C S Lewis’s dark night of the soul:Chris Armstrong (Ph.D., Duke University), church historian, educator, currently founding director of Opus: The Art of Work at Wheaton College, Wheaton, IL



The faith of Christians is built on Presence. Whether in the pillar of fire, the still small voice, or the Incarnate Son, God has been Emmanuel, “with us.” He has promised never to leave nor forsake us. In thousands of hymns, we have sung of an experienced intimacy with God in Christ. We have asked: “Is Jesus your personal Lord and Savior?” We have prayed, wept, and rested in His presence.
For a committed Christian, then, nothing is more devastating than Divine Absence, spiritual loneliness, the ceiling of brass meeting our every prayer.
Yet when the sixteenth-century mystic John of the Cross identified and described a kindred phenomenon—a sort of desolation called “dark night of the soul”—he insisted that it is an important spiritual discipline. We enter the dark night, said John, as a tortuous but fruitful ascetic path to the mystical goal of union with God.
John’s work on this subject became a spiritual classic. He was honored as one of the very few “doctors of the church” by Roman Catholicism, and he is still widely cited by Catholics and Protestants alike. But most modern Christians have forgotten that for the great Carmelite, “the dark night” was just one part of an elaborate apophatic theology. Apophaticism is the theological mode that tries to penetrate beyond the realm of our senses and our reason and come before God as The Awesome Unknown. (Although some conservative Protestants fear apophaticism as unbiblical and suspiciously “Eastern,” it is well-supported both in tradition and Scripture.)
Few today subscribe to or even understand John’s system. Instead, we have taken over John’s phrase “the dark night of the soul” to describe a subjective experience of the complete loss of God’s loving presence—and without its rootage in John’s larger theology, we are not always sure what to do with it. It seems a rather unpleasant episode, often associated with doubt, that may plague a Christian for a while but that, we hope, will soon pass. We treat it almost as a pathology. In fact, one might ask why we should bother to talk about this sort of loss of the divine presence at all.
I’d suggest one good reason for giving the “dark night” a second look is a shocking fact about who undergoes it. It would be one thing if this experience enveloped only, say, backsliders or immature Christians or those involved in obvious sin. But with great regularity, we find the experience in the life stories of those we think of as having been especially faithful witnesses to the faith: People such as C. S. Lewis. Mother Teresa. Martin Luther.

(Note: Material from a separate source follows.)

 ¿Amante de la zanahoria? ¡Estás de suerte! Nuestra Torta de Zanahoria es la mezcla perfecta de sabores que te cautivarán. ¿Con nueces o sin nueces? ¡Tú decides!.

Each of these suffered particularly intense episodes of “dark night of the soul.” And perhaps the best way to begin to understand this experience for ourselves is to listen in on their struggles to find meaning in their darkness.
Lewis’s dark night came after the death of his wife Joy. Mother Teresa’s came at the very founding of her Missionaries of Charity and lasted to the end of her life, with little respite. Luther’s plagued him in one form as a young monk, and then in several others as a Reformer.

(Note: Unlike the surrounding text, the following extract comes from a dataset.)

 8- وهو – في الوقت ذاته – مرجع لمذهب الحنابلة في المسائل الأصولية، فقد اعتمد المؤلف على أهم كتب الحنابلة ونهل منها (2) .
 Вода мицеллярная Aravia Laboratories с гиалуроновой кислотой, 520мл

Of course, we could draw our own conclusions about why these saints have suffered thus—and historians have frequently done so. Perhaps some character flaw or pathology has led them away from the Divine Presence. The rational apologist Lewis, say some scholars, finally discovered after the death of his wife Joy that the God he had imagined was no longer a supportable hypothesis. The Absence he felt was in fact his coming to realization that Christianity was a fiction. Some critics have traced Mother Teresa’s “dark night” to an almost masochistic proclivity for pain, rooted in a certain Catholic understanding of suffering as inherently redemptive and spiritually meritorious. Most famously, Luther’s life story spawned in the 20th century a cottage industry of psycho-historical interpretation, led by Erik Erickson’s argument that a fraught relationship with his father created a cycle of overachievement and self-doubt that plunged the Reformer into the Anfechtungen—periods of depression and self-doubtwhich never left him alone for long.
This sort of analysis opens up an even simpler explanation. Perhaps the Dark Night is nothing more than an artifact of depressive states of mind that have decidedly non-spiritual origins. So Luther’s many episodes of spiritual darkness (it is said) can be explained easily. Each one was preceded by, and triggered by, a physical illness. (The pinnacle of this sort of interpretation must surely be the book by German scholar Annemarie Halder that chronicled the Reformer’s bladder stones from 1536 to 1546, linking these painful occurrences to his Anfechtungen.)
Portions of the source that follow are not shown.